Task:
Return all of the data below verbatim and exclude every picture.

Data excerpt:

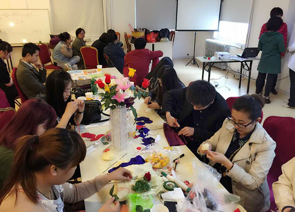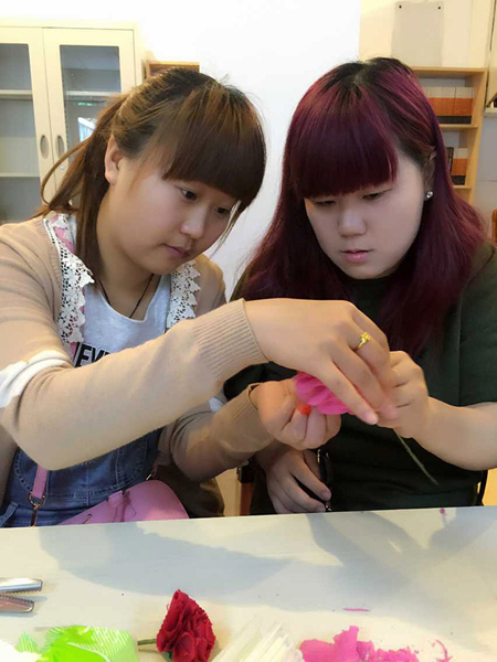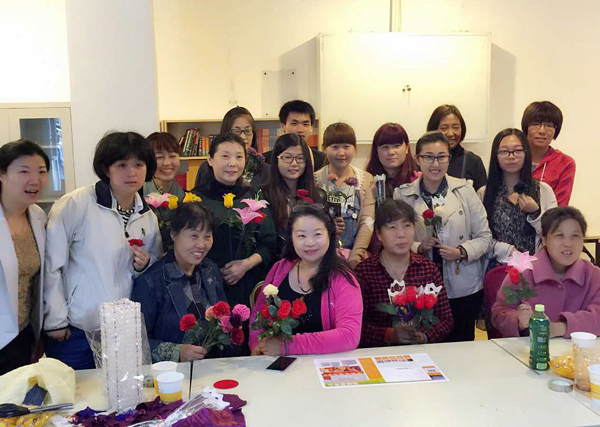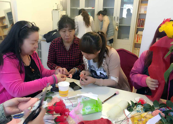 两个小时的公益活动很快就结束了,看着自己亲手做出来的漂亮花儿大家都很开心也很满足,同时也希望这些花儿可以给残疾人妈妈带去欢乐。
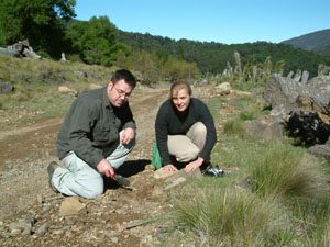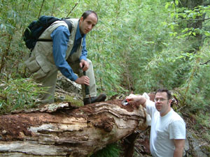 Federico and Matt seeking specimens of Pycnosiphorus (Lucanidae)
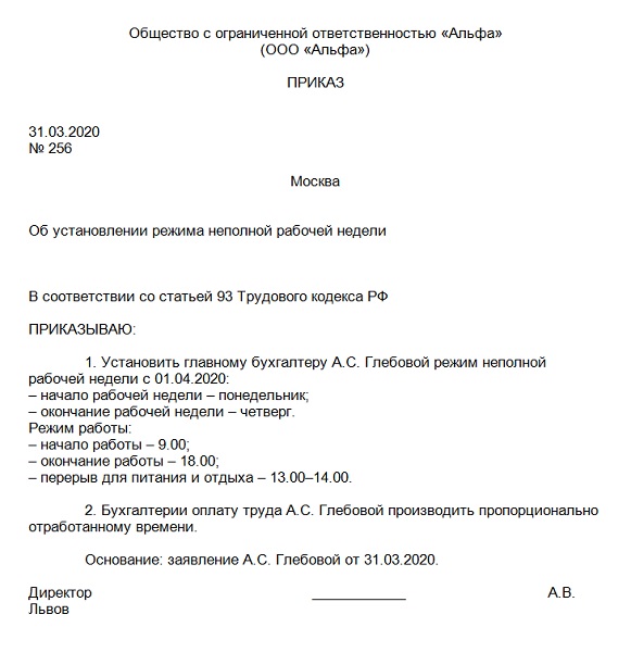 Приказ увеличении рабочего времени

Task answer:
 两个小时的公益活动很快就结束了,看着自己亲手做出来的漂亮花儿大家都很开心也很满足,同时也希望这些花儿可以给残疾人妈妈带去欢乐。
 Federico and Matt seeking specimens of Pycnosiphorus (Lucanidae)
 Приказ увеличении рабочего времени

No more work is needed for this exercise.